All Things Are Ready is not based on any particular timeline or calendar. The checklists and tasks are arrange by priority and can be used whether you’re getting married next month or next year. When I was getting married, I was always frustrated by the fact that all the wedding advice was based on a 1 to 2 year engagement. What was I supposed to do if I was getting married in 3 months?
So, in writing a Christian wedding planner, I included tools for any engagement calendar, but also suggestions on how a wedding can be done in a short time frame if wanted.
But what if you don’t want a short engagement? What good reasons are there to have a long engagement? How should you think about your wedding season if it will last for months or even years? The following excerpt from the introduction to All Things Are Ready talks about the Whys of spending more than 12 weeks planning your wedding.
Why NOT to get married in just 12 weeks
The following are a few of the many reasons to consider choosing, out of love for others, a longer engagement:
- Your mother (Heb.10:24). Many mothers of the bride feel undue pressure and strain if they are asked to organize a wedding in less than six months. You need to consider your mother’s feelings, desires, and temperament. Does she become stressed when planning major events such as holiday gatherings? Does she want you to include certain events in your engagement that may not matter as much to you? The call to honor your father and mother remains during this time, and in deference to your mother or mother-in-law, you may need to wait longer than three months for your wedding.
- Family preferences. Either set of parents may simply require a longer engagement. The couple is not always free to set their wedding calendar themselves. Your timeline should never become a reason to be frustrated with the request of either set of parents.
- Your temperament. “Do something every day” means you must be the kind of person who can work efficiently and diligently on a project. If focusing fully on the wedding and working on it daily will turn you into a basket-case, you need to give yourself more time.
- Time and distance. If family members live out-of-state, you may need to wait for a convenient time when everyone involved is able to travel to the wedding.
Couples also may find it more difficult to coordinate plans when they are separated by great distance or on very different daily schedules. Dealing with time differences in order to discuss wedding plans over the phone, or communicating via email, will require you to have more time to put your plans into action.
This may also be true if you are both working and are on opposite schedules. This will make it harder to work on the wedding together. Unless you allow extra time to get together for planning and decision-making, one person (most likely the groom) may end up completely left out of wedding planning.
- Family schedules.

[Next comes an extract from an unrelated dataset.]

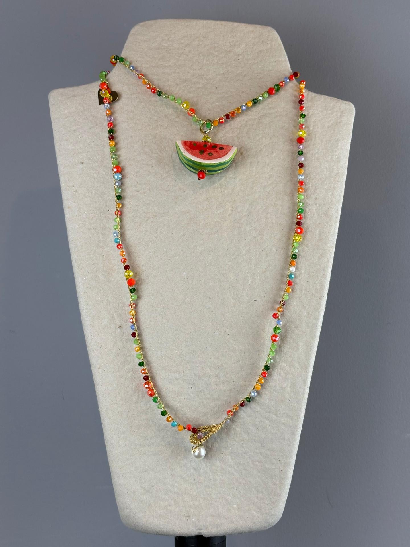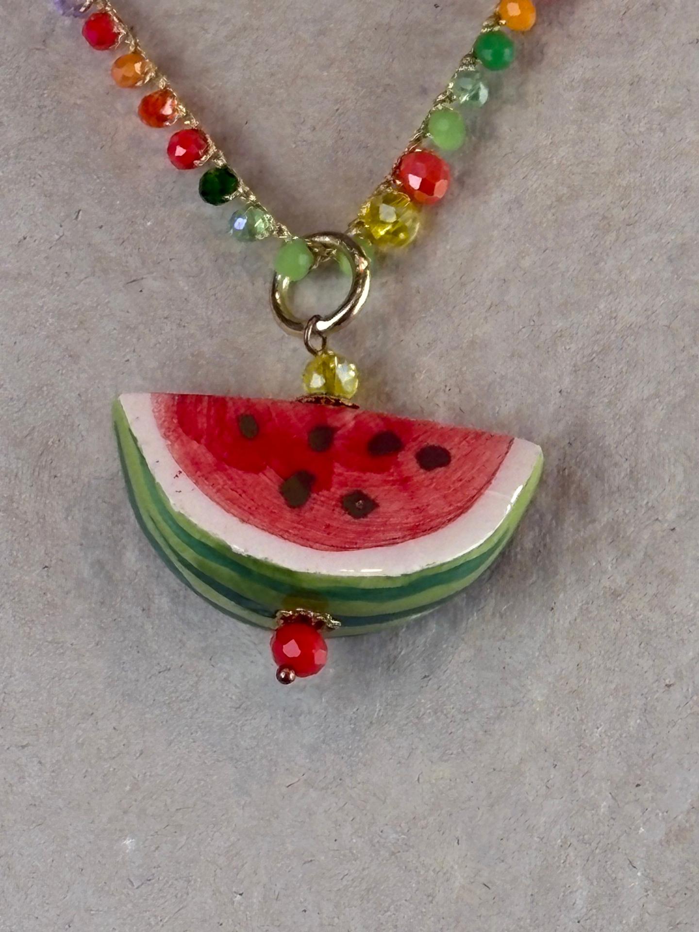 COLLAR SANDIA, COLLAR LARGO CON CERÁMICA DE SANDÍA

It is loving and kind to consider other family members’ schedules when setting a wedding date. Twelve weeks is a short time. Vacation plans, business trips, school deadlines, pregnancies, or other factors may make it difficult or impossible for some people to attend your wedding. They may feel hurt and left out if you set a date when they cannot possibly attend.
Also, if you and your families see that other events and schedules will not allow you to focus on the wedding for three months, you will need to allow more time. Not every bride or family can take twelve weeks out of their lives to focus primarily on wedding preparations.
- Finances. Your parents may need time to gather the resources. If they are not prepared to pay for a wedding in three months’ time, either consider paying for the wedding yourself, or be grateful and sensitive to their budget constraints by changing your schedule.
If you decide that you do think a shorter engagement is preferable, discuss funding for the wedding before you become engaged. It may be best to consider putting off engagement until wedding funds are available, rather than extending the engagement period. Always remember that having your wedding paid for is a blessing, not an entitlement, and treat those paying for it accordingly.
- Location. If you have your heart set on a particular location, it can often mean getting married at a specific time of year or on a specific date. If you plan to get married in your parents’ back yard, you’ll need to wait for summer. If you want to marry in your grandmother’s church, its availability will govern your choice of dates.
Always remember, whether you wait three months or nine months to get married is never as important as treating your families with love and honor. Be selfless, not selfish, in all matters pertaining to your wedding, including setting the date.